First, you have to fix the formatter. The formatters are in emission/net/usercache/formatters, and are platform and key specific. In the example above, the formatter being run was module emission.net.usercache.formatters.android.survey = emission/net/usercache/formatters/android/survey.py

Next, you can run the bin/debug/fix_usercache_processing.py script, which will copy entries from the error database back to the usercache, and then try to move them to the timeseries again. Repeat until there are no more errors. The fix_usercache_processing script currently does not log to a file, so you may want to redirect the output to see whether there are any errors or not.

$ bin/debug/fix_usercache_processing.py 2>&1 | tee /var/tmp/fix_formatter.log

Finally, if the entries affect the analysis outputs, you can reset the pipeline state and re-run it. - you can reset the pipeline state to the time before the errors occurred by using the bin/reset_pipeline.py script - e.g.
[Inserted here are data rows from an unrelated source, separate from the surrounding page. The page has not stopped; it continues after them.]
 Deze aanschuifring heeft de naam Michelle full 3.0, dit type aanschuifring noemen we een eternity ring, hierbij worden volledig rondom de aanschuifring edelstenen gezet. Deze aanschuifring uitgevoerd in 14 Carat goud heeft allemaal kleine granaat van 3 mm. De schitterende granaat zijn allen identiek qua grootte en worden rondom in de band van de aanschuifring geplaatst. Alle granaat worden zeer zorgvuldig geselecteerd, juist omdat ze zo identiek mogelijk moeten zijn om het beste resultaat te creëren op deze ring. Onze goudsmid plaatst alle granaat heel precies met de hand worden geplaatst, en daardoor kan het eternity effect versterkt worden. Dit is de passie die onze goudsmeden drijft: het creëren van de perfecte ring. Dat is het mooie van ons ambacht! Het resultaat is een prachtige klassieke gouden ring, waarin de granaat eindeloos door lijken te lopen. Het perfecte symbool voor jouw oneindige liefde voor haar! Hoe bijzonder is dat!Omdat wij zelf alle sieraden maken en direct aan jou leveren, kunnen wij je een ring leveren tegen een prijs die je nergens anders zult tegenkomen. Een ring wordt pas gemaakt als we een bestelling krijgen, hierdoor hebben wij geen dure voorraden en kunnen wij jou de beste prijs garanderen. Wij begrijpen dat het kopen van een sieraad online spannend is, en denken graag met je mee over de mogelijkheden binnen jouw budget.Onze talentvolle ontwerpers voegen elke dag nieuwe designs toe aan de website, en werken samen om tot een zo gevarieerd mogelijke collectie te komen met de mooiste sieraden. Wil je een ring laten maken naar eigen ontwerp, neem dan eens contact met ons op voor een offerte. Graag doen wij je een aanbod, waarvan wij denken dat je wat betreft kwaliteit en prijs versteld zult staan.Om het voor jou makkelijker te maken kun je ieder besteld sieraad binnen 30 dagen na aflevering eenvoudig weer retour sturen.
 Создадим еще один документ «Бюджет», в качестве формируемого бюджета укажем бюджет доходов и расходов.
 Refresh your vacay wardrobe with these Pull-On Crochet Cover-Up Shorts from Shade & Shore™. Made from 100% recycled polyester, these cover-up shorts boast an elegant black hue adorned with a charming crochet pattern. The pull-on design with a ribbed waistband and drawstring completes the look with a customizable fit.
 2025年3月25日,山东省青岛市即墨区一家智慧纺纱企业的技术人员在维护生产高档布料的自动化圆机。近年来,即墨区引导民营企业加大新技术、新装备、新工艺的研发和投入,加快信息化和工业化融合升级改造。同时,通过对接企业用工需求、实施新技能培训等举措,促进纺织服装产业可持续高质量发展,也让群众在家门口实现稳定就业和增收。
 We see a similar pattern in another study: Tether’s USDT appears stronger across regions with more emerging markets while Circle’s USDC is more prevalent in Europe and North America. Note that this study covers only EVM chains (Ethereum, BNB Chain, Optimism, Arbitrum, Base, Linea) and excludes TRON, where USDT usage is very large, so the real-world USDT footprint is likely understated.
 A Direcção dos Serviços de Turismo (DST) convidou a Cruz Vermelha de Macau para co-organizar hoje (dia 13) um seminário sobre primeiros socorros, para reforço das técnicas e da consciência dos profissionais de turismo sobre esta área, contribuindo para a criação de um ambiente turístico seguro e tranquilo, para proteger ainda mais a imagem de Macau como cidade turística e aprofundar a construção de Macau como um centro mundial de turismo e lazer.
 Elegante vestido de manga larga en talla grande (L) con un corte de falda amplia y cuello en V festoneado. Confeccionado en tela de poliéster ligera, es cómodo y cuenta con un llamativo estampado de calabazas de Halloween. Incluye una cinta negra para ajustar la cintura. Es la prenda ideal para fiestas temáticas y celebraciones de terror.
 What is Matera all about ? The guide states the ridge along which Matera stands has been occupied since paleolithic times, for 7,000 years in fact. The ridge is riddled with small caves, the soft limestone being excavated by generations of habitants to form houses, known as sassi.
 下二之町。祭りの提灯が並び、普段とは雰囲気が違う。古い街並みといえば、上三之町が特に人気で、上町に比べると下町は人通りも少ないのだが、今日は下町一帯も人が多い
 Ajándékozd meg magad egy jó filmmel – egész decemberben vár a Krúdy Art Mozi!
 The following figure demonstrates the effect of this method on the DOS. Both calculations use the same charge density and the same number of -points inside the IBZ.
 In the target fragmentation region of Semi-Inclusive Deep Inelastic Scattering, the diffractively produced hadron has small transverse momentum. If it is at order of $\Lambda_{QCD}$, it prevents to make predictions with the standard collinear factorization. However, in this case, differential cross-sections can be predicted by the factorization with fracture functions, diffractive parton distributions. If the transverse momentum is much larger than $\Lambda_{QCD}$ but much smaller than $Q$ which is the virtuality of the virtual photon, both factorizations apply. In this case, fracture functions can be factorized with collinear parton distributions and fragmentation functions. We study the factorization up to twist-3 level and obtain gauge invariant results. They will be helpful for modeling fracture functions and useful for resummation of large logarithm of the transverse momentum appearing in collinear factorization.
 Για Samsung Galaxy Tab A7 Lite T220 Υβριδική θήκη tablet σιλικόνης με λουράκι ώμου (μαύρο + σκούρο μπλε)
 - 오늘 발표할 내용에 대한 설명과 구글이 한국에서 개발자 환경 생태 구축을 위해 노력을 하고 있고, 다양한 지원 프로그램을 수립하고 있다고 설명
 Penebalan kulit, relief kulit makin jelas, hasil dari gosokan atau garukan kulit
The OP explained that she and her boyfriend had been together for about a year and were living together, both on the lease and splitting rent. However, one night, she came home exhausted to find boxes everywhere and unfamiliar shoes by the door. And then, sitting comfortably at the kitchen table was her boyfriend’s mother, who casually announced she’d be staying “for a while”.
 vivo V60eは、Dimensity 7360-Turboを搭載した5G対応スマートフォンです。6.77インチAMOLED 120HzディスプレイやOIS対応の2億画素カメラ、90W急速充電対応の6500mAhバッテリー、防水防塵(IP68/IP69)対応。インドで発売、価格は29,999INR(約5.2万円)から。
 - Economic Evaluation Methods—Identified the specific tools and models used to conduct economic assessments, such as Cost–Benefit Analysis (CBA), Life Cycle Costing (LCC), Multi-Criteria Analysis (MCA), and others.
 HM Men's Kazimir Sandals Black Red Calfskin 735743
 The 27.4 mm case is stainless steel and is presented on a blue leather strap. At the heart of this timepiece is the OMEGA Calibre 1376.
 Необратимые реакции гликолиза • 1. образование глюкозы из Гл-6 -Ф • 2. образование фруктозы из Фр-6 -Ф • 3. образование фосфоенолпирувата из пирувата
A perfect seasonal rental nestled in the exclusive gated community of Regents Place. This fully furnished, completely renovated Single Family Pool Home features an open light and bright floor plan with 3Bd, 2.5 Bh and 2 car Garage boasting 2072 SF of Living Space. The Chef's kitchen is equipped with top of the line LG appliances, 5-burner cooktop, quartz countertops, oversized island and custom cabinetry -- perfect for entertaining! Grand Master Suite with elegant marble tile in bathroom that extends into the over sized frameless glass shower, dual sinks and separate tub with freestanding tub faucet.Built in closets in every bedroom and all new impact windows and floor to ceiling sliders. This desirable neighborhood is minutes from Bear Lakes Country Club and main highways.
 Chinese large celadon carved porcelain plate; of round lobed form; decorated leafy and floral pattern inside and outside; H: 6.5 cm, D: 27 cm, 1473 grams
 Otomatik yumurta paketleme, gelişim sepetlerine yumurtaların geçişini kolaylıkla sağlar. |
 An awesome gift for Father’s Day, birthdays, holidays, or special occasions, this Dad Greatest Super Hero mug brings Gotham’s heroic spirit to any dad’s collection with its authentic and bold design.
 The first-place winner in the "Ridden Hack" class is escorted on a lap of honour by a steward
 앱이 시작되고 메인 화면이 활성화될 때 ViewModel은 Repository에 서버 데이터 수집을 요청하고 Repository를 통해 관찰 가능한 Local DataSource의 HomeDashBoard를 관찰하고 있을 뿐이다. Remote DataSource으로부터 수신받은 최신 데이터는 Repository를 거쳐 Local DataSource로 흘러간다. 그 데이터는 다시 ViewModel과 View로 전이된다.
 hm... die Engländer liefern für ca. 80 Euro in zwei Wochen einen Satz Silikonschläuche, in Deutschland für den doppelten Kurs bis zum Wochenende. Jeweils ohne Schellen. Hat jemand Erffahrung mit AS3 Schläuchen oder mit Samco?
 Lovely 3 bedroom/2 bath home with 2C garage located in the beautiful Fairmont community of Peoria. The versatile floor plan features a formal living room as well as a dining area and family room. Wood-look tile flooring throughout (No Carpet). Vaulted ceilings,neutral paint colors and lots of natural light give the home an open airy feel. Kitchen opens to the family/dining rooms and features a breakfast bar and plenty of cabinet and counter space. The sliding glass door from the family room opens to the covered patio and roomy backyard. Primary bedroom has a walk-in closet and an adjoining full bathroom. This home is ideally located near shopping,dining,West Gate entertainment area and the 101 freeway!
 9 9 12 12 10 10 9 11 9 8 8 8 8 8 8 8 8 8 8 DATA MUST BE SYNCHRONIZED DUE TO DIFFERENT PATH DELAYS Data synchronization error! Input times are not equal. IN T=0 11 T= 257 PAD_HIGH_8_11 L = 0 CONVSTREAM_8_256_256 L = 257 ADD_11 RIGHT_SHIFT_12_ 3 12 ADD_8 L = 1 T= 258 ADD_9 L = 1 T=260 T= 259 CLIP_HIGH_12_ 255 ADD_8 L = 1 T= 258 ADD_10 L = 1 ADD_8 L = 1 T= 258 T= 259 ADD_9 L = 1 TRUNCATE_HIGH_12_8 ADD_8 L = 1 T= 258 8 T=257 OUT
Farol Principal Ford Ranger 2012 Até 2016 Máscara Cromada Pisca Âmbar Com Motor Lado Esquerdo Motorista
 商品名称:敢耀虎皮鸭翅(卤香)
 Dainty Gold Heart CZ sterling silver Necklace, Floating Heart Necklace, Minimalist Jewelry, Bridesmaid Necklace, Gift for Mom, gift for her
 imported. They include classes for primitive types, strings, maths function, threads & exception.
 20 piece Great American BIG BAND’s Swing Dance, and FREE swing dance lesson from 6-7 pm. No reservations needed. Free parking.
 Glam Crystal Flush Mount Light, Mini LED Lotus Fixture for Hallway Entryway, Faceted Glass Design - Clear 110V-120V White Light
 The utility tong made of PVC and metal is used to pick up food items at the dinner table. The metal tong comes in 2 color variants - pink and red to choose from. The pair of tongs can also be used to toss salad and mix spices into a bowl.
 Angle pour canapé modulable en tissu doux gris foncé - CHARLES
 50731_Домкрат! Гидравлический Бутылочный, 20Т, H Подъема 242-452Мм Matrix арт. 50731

$ bin/debug/reset_pipeline.py -a -d 2017-07-01 2>&1 | tee /var/log/pipeline_reset.log

  • After resetting the pipeline, you need to re-run the intake pipeline using the standard process.

Some users don't have access to the server

It may happen that a user cannot access the server from the e-mission app. . You can check this by verifying that the user can access the e-mission website (configured in conf/net/api/webserver.conf) from a navigator in his/her smartphone using 3G/4G. (This happens when connecting via the cellular network, not via wifi.)
This seems to be depending on the mobile operator, or even on the mobile data plan, and is linked to the https TLS protocol.
This has been reported in issue 459.
The following table shows when this is likely to happen, and that a Reverse Proxy (RP) solves the issue.

on 3G/4G with some operators on 3G/4G with most operators on WiFi
with Reverse Proxy ok ok ok
without Reverse Proxy no TLS access ok ok

The solution is to set up a reverse proxy, as explained in the Install pages.